Campo Grande, 28 de fevereiro de 2024

Mineiro morre nos EUA, a poucos dias de retornar para a família no Brasil

Por Fran Ribeiro , g1 Vales de Minas Gerais

Com passagem comprada para retornar ao Brasil no dia 3 de dezembro, o valadarense Robert Leno Rosa, de 41 anos, morreu 11 dias antes do embarque. Ele morava em Fall River, Massachusetts, nos Estados Unidos, onde sofreu uma parada cardíaca na última quarta-feira (22).

Robert foi para o país norte-americano em junho de 2021, com a intenção de trabalhar e juntar dinheiro. O retorno para Governador Valadares seria também, para participar do aniversário da filha caçula que completa, nesta segunda-feira, 7 anos.

A morte do valadarense está sob investigação. Cerca de uma hora antes de morrer, ele conversou com a mulher Paula, com quem era casado há 17 anos.

Segundo a esposa, ele estava bem e feliz com a volta para casa. Conforme Paula, ele não tinha nenhum problema de saúde.

No dia da morte, acontecia uma comemoração na casa em que ele morava com outros americanos. Paula ligou para o marido várias vezes até que uma mulher atendeu e disse o que tinha acontecido.

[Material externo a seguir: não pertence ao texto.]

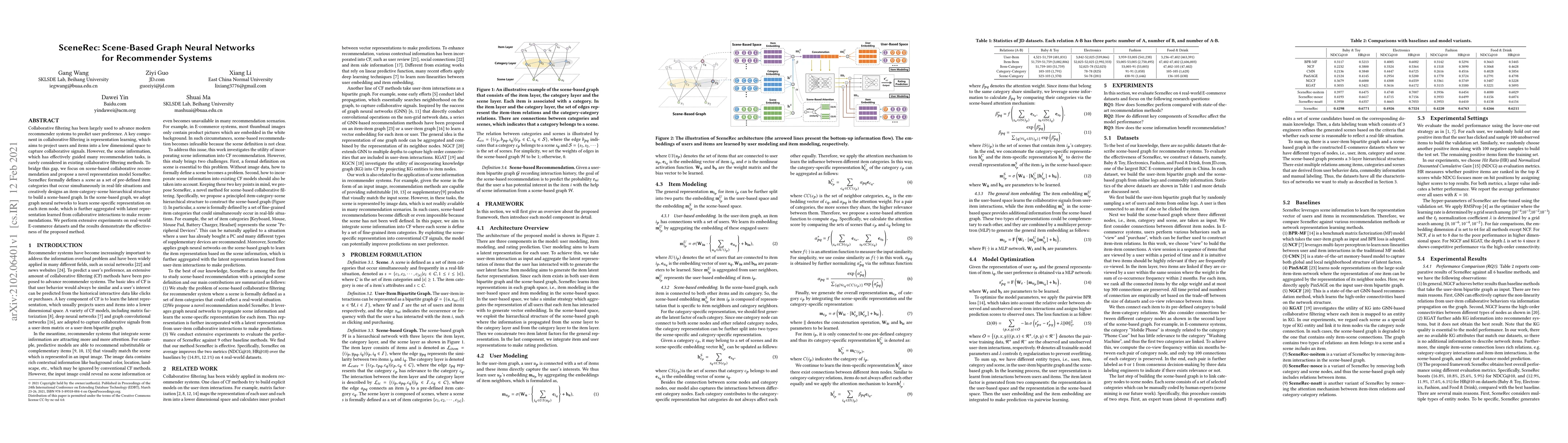 A new method called SceneRec uses scene-based graph neural networks to improve recommender systems by incorporating scene information into collaborative filtering. It shows promising results on real-world e-commerce datasets.
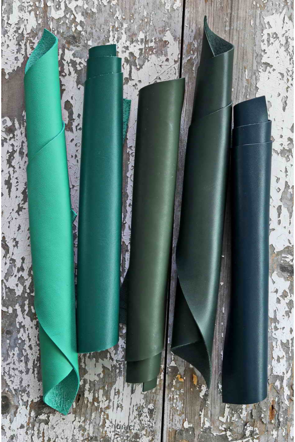 5 smooth calf leather offcuts green color and softness various, sporty / refined look .Cutouts of genuine Italian leather. Minimum size 10 x 8 inches.

Robert trabalhando com pintura nos EUA — Foto: Arquivo pessoal/Redes sociais

Robert trabalhando com pintura nos EUA — Foto: Arquivo pessoal/Redes sociais

Uma ambulância foi até o local para prestar os primeiros socorros, mas Robert já havia morrido.

Ainda sem acreditar, Paula disse que o marido foi filmado, já sem vida e que a cena mostra Robert deitado sem tênis, depois, sentado numa cadeira, com tênis, e uma garrafa de bebida na mão.

A jovem contou ainda que não sabe quem fez o registro e ninguém entrou em contato para avisar o que estava acontecendo. A polícia local investiga a causa da morte e as circunstâncias.

“Eu estou esperando o detetive entrar em contato comigo para dar mais detalhes. É ele que está investigando a morte. Ainda não saiu o laudo, demora um pouco, acho que de 10 a 15 dias”, explicou Paula.

 

Em busca de respostas, Paula disse que está sem chão.

“Eu queria demais poder fazer alguma coisa pelo meu esposo, sabe? Não consegui fazer em vida porque ele estava lá, e ele não conseguiu retornar. Mas eu queria ter o descanso, pra eu ter um acalento, enterrar ele num lugar decente. Ele trabalhou tanto para dar um conforto pra gente. Isso me deixa muito chateada. Eu fico com a sensação de impotência. De não conseguir fazer o mínimo”, disse Paula.

Os filhos mais velhos já foram informados da morte, mas a filha caçula foi poupada na notícia por causa da expectativa com aniversário. Paula informou que vai contar a ajuda de profissionais para dar a notícia à filha.

A família mobiliza uma campanha para trazer o corpo de Robert para Governador Valadares. Até a publicação desta reportagem, havia sido arrecadado US$ 3.195, dos US$ 15 mil, necessários para fazer o traslado.

“Conseguir despedir não traz a vida dele de volta, mas é pra gente conseguir seguir a vida de uma forma mais tranquila”, desabafou a valadarense.